Experimental Morris II worm can exploit popular AI services to steal data and spread malware

Cornell researchers created worm 'to serve as a whistleblower'

Experimental Morris II worm can exploit popular AI services to steal data and spread malware

Image:
Experimental Morris II worm can exploit popular AI services to steal data and spread malware

Researchers have created the first known generative AI worm, capable of spreading through interconnected AI systems and potentially wreaking havoc on a massive scale.

Led by a team from Cornell Tech comprised of Ben Nassi, Stav Cohen and Ron Bitton, the project is dubbed "Morris II" - referencing the notorious Morris computer worm that spread on internet in 1988.

Their findings demonstrate how Morris II can exploit a generative AI email assistant, siphoning data from emails and sending spam - even bypassing some security measures in popular AI systems like ChatGPT and Gemini.

Large language models (LLMs), the backbone of generative AI, are increasingly becoming multimodal, capable of generating not just text, but also images and video.

LLMs typically function by processing prompts - text instructions that guide the system in generating responses or creating content. However, these prompts can be weaponised.

Attack methods include "jailbreaking", bypassing safety protocols and forcing the system to generate harmful or offensive content, and dialogue poisoning, in which the attacker manipulates the LLM to follow a sequence of instructions. LLMs can also leak the private data they may have been trained on.

The researchers say they created Morris II through a novel technique known as "adversarial self-replicating prompt," which tricks the AI model into generating another prompt as part of its response. This tactic, akin to traditional cyberattacks like SQL injection, poses a significant threat to the integrity of AI systems.

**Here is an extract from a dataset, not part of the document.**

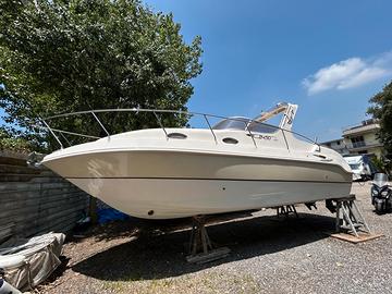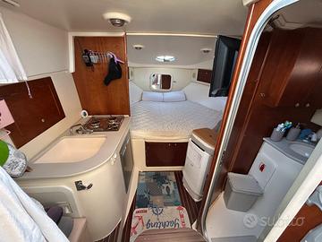 Motori con 300 ore circa, tenuta benissimo, una delle più comode e spaziose nella sua categoria, anno 2011 con 2 motori mercruiser 3000 MPI e piedi poppiero alpha one, eliche in acciaio con ottime prestazioni e consumi. Super accessoriata con: -FLAP -ELICA DI PRUA -GPS -VERRICELLO ELETTRICO CON DOPPI COMANDI DALLA CONSOLE E DA PRUA -ANCORA ACCIAIO -LUCI SUBACQUEE -LUCI SEGNA PASSI -TEACK INTERNO ED ESTERNO -IMPIANTO STEREO -IMPIANTO TV -IMPIANTO 220 VOLT -2 BATTERIE SERVIZI E 2 BATTERIE PER MOTORI -CARICABATTERIE -BOILER ACQUA CALDA -4 POSTI LETTO -CUCINA INTERNA ED ESTERNA -DOPPIO FRIGO INTERNO ED ESTERNO -BAGNO SEPARATO CON DOCCIA -WC ELETTRICO -MOBILETTI VARI AGGIUNTI -MATERASSI AL POSTO DELLA CUSCINERIA SUI LETTI -SERBATOIO ACQUA 170 LT -SERBATOIO BENZINA 300 LT PIÙ UN 'ALTRO DA 80 LT Tagliandi ordinari e straordinari sempre eseguiti da officina autorizzata Mercury tutti documentati. Altri lavori eseguiti negli ultimi anni: -TAPPEZZERIA ESTERNA -TEAK ESTERNO -IMPIANTO ELETTRICO -COLLETTORI -RISER -POMPE DELL'ACQUA -CUFFIE PIEDI -ELICHE ACCIAIO -CAVO BANCHINA -SERBATOIO ACQUA PIÙ GRANDE Praticamente perfetta in tutto sia motori che scafo. Contattare solo se interessati!!!

To demonstrate the worm's capabilities, the researchers built an email system that interacts with generative AI systems like ChatGPT, Gemini and the open-source LLaVA model.

The research team uncovered two methods of exploitation: one using text-based prompts and another embedding malicious prompts within image files.

In one scenario, the researchers simulated an attacker sending an email containing the adversarial prompt. This prompt essentially "poisons" the email assistant's database by leveraging a feature called Retrieval-Augmented Generation (RAG). RAG allows LLMs to access external data sources to enhance their responses. When the email, containing the malicious prompt, is retrieved through RAG and sent to a system like GPT-4 or Gemini Pro for processing, it essentially jailbreaks the AI service, enabling it to steal data from emails.

This stolen data, embedded within the generated response, then infects new systems when used to reply to emails from unsuspecting users.

The second method involves encoding a malicious prompt within an image, turning any image file into a potential carrier for the worm. This enables the compromised email assistant to forward the infected message to other users, further propagating the infection.

Two types of applications might be at risk from a real-world worm similar to Morris II. The first is genAI-powered applications whose execution flow is dependent upon the output of the genAI service. The second type is applications that use RAG.

The researchers say their work is intended "to serve as a whistleblower to the possibility of creating GenAI worms in order to prevent their appearance". They reported their findings to both Google and OpenAI.

OpenAI acknowledged the research, admitting the possibility of vulnerabilities related to user input that hasn't been adequately filtered or checked. The company said it is working to improve system resilience and urged developers to implement methods that safeguard against malicious input.